PAGE CONTENTS
Objectives
The project aims at building a frequency synthesizer chip that is suitable for various applications, such as on-board clock generation, RF frequency synthesis, clock cleaning and jitter filtering. To this end, the rad-hard frequency synthesizer chip can generate a wide-range of output clock frequencies (1 MHz ~ 2.5 GHz). It has extremely low jitter (0.46 ps rms), and outstanding phase noise performances (<-99 dBc/Hz at 100 kHz offset frequency). It also features a high resolution (1 ns) PWM signal generator that provides optimal control for switching power supplies. The targeted power consumption of the chip is below 100 mW.

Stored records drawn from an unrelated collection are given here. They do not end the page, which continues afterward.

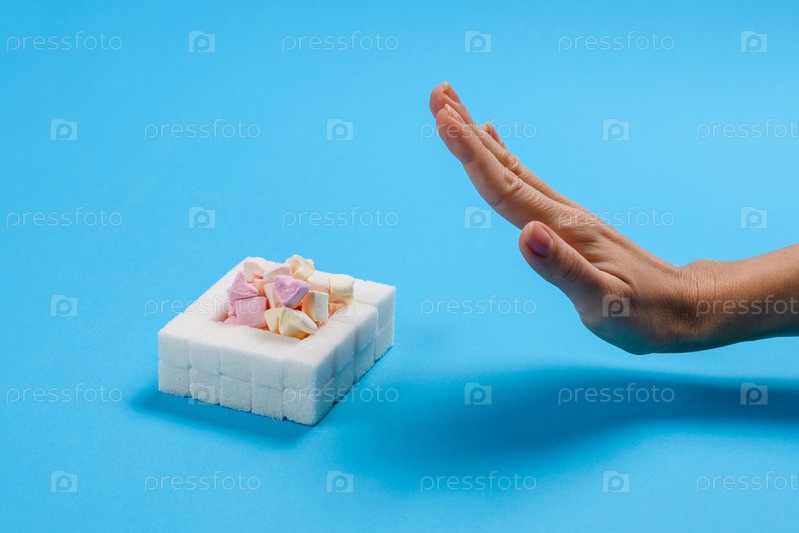 Концепция отказа от сладостей и сахара. Рука и сладости на синем фоне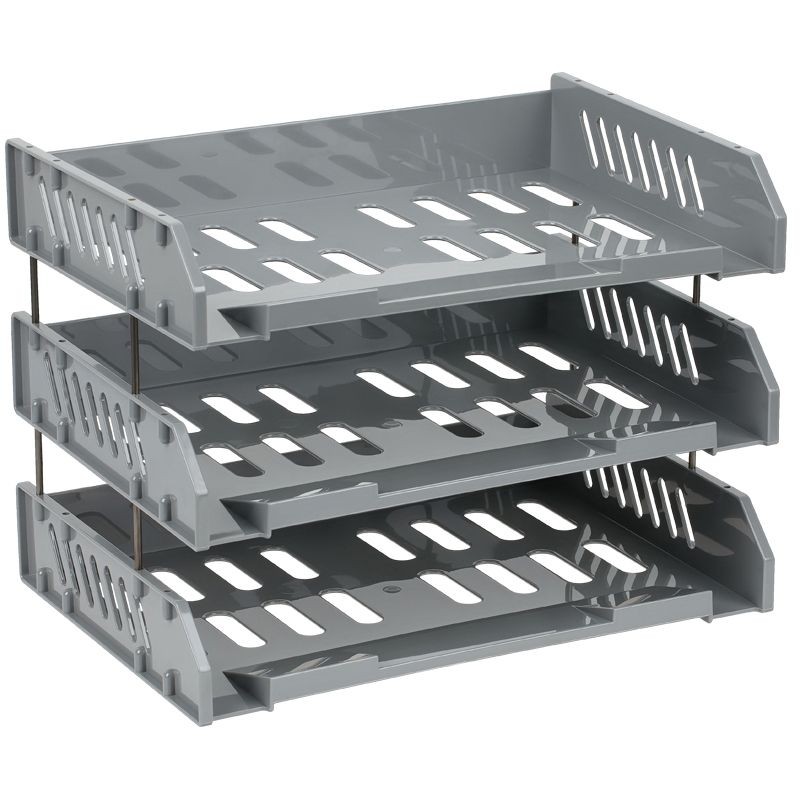 Лоток для бумаг горизонтальный СТАММ "Сити", набор 3шт., на мет. стержнях, широкая загрузка, серый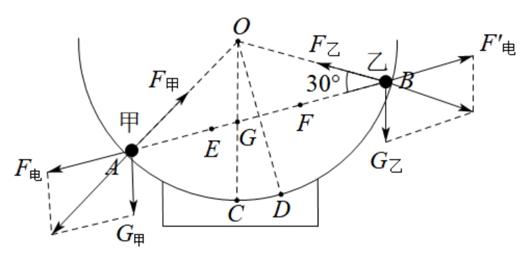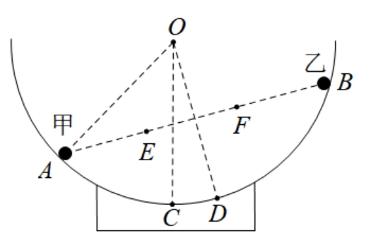 的小球甲、乙刚好静止于碗内壁A、B两点,过O、A、B的截面如图所示,C、D均为圆弧上的点,OC沿竖直方向,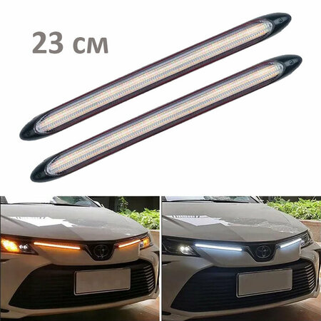 Яркие светодиодные дневные ходовые огни с бегущим сигналом поворота - современный элемент тюнинга автомобиля. При включении загораются белые дневные ходовые огни в бегущем режиме, затем останавливаются. При включении сигнала поворота загораются желтые бегущие огни. ДХО выполнены в гибком, полностью герметичном силиконовом корпусе. Подходят для любого автомобиля. Очень просто устанавливаются на крепкий 3М скотч или саморезы. Для саморезов предусмотрены специальные отверстия в корпусе. ДХО можно установить на бампер, в решетку радиатора, в нишу противотуманок, все зависит от вашей фантазии и конструкции авто. Светодиодные дневные ходовые огни сделают ваш автомобиль стильным и современным, позволят выделиться из серого потока. Кроме того другие участники движения будут лучше видеть ваше намерение повернуть или перестроиться. Характеристики: Тип: Дневные ходовые огни (ДХО). Количество светодиодов: 60 шт. Рабочее напряжение: 12-16 В. Водонепроницаемость, степень защиты: IP65. Упаковка: Картонная коробка. Размеры с упаковкой: 36,0х6,0х2,0 см. Вес с упаковкой: 130 г. Страна-изготовитель: Китай. Комплектация: 1. Светодиодные ДХО - 2 шт. 2. Упаковка (картонная коробка) - 1 шт.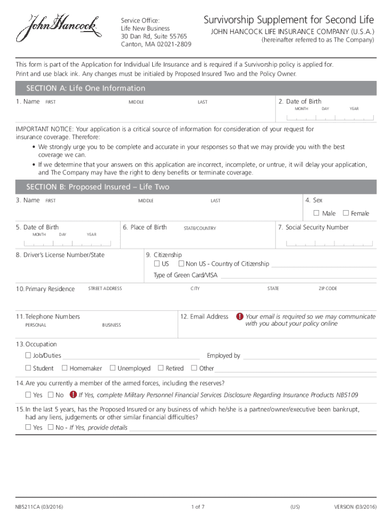 Survivorship Supplement for Second Disservice Office: Life New Business 30 Dan Rd, Suite 55765 Canton, MA 020212809JOHN HANCOCK LIFE INSURANCE COMPANY (U.S.A.) (hereinafter referred to as The Company)This

The ASIC is hardened against both total-ionizing-dose (TID) effects and single-event effects (SEEs), such as single-event latch-up (SEL) and single-event upset (SEU). The design target for TID hardness is taken to be greater than 100 Mrad, to cover applications in space, nuclear and high-energy physics. The targeted SEL/SEU tolerance is set to be higher than 120 MeV·cm2/mg. Radiation-hardened-by-design techniques at all levels (e.g., transistor, topology, circuits, and layout) are employed to achieve these ambitious goals.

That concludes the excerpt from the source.